### Exercise description
Give all the records again, with no alterations.

━━━━━ Supplied data ━━━━━

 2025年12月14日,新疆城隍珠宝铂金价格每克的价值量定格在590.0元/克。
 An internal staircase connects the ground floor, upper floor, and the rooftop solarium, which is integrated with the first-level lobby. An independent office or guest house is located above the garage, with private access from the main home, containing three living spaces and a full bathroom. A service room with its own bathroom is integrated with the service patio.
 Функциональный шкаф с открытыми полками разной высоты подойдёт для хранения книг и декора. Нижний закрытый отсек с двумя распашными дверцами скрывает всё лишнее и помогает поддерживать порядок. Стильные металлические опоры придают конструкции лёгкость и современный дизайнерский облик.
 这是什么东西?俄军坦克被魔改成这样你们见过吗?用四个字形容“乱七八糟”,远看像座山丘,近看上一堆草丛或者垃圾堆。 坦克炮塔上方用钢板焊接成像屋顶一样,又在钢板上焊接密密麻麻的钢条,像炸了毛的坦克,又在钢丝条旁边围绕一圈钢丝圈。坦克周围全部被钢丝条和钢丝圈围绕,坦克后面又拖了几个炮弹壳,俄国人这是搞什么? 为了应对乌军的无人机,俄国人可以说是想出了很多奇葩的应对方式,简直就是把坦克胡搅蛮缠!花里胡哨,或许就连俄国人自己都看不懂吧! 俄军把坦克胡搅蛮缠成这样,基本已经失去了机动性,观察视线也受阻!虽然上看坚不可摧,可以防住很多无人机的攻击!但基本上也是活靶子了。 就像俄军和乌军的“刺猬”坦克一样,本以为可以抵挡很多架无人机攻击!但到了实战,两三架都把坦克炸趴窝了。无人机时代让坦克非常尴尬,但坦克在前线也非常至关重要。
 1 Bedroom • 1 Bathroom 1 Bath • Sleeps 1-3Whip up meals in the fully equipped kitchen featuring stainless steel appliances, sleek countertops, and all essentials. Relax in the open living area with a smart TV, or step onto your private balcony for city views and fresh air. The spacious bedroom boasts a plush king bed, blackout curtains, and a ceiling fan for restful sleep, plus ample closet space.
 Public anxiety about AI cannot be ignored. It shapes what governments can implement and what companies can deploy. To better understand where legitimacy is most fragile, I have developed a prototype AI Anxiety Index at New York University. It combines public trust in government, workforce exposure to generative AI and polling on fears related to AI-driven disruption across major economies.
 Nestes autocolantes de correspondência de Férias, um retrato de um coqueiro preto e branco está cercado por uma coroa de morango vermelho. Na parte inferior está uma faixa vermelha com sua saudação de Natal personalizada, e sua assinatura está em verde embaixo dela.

━━━━━

### The completed task
 2025年12月14日,新疆城隍珠宝铂金价格每克的价值量定格在590.0元/克。
 An internal staircase connects the ground floor, upper floor, and the rooftop solarium, which is integrated with the first-level lobby. An independent office or guest house is located above the garage, with private access from the main home, containing three living spaces and a full bathroom. A service room with its own bathroom is integrated with the service patio.
 Функциональный шкаф с открытыми полками разной высоты подойдёт для хранения книг и декора. Нижний закрытый отсек с двумя распашными дверцами скрывает всё лишнее и помогает поддерживать порядок. Стильные металлические опоры придают конструкции лёгкость и современный дизайнерский облик.
 这是什么东西?俄军坦克被魔改成这样你们见过吗?用四个字形容“乱七八糟”,远看像座山丘,近看上一堆草丛或者垃圾堆。 坦克炮塔上方用钢板焊接成像屋顶一样,又在钢板上焊接密密麻麻的钢条,像炸了毛的坦克,又在钢丝条旁边围绕一圈钢丝圈。坦克周围全部被钢丝条和钢丝圈围绕,坦克后面又拖了几个炮弹壳,俄国人这是搞什么? 为了应对乌军的无人机,俄国人可以说是想出了很多奇葩的应对方式,简直就是把坦克胡搅蛮缠!花里胡哨,或许就连俄国人自己都看不懂吧! 俄军把坦克胡搅蛮缠成这样,基本已经失去了机动性,观察视线也受阻!虽然上看坚不可摧,可以防住很多无人机的攻击!但基本上也是活靶子了。 就像俄军和乌军的“刺猬”坦克一样,本以为可以抵挡很多架无人机攻击!但到了实战,两三架都把坦克炸趴窝了。无人机时代让坦克非常尴尬,但坦克在前线也非常至关重要。
 1 Bedroom • 1 Bathroom 1 Bath • Sleeps 1-3Whip up meals in the fully equipped kitchen featuring stainless steel appliances, sleek countertops, and all essentials. Relax in the open living area with a smart TV, or step onto your private balcony for city views and fresh air. The spacious bedroom boasts a plush king bed, blackout curtains, and a ceiling fan for restful sleep, plus ample closet space.
 Public anxiety about AI cannot be ignored. It shapes what governments can implement and what companies can deploy. To better understand where legitimacy is most fragile, I have developed a prototype AI Anxiety Index at New York University. It combines public trust in government, workforce exposure to generative AI and polling on fears related to AI-driven disruption across major economies.
 Nestes autocolantes de correspondência de Férias, um retrato de um coqueiro preto e branco está cercado por uma coroa de morango vermelho. Na parte inferior está uma faixa vermelha com sua saudação de Natal personalizada, e sua assinatura está em verde embaixo dela.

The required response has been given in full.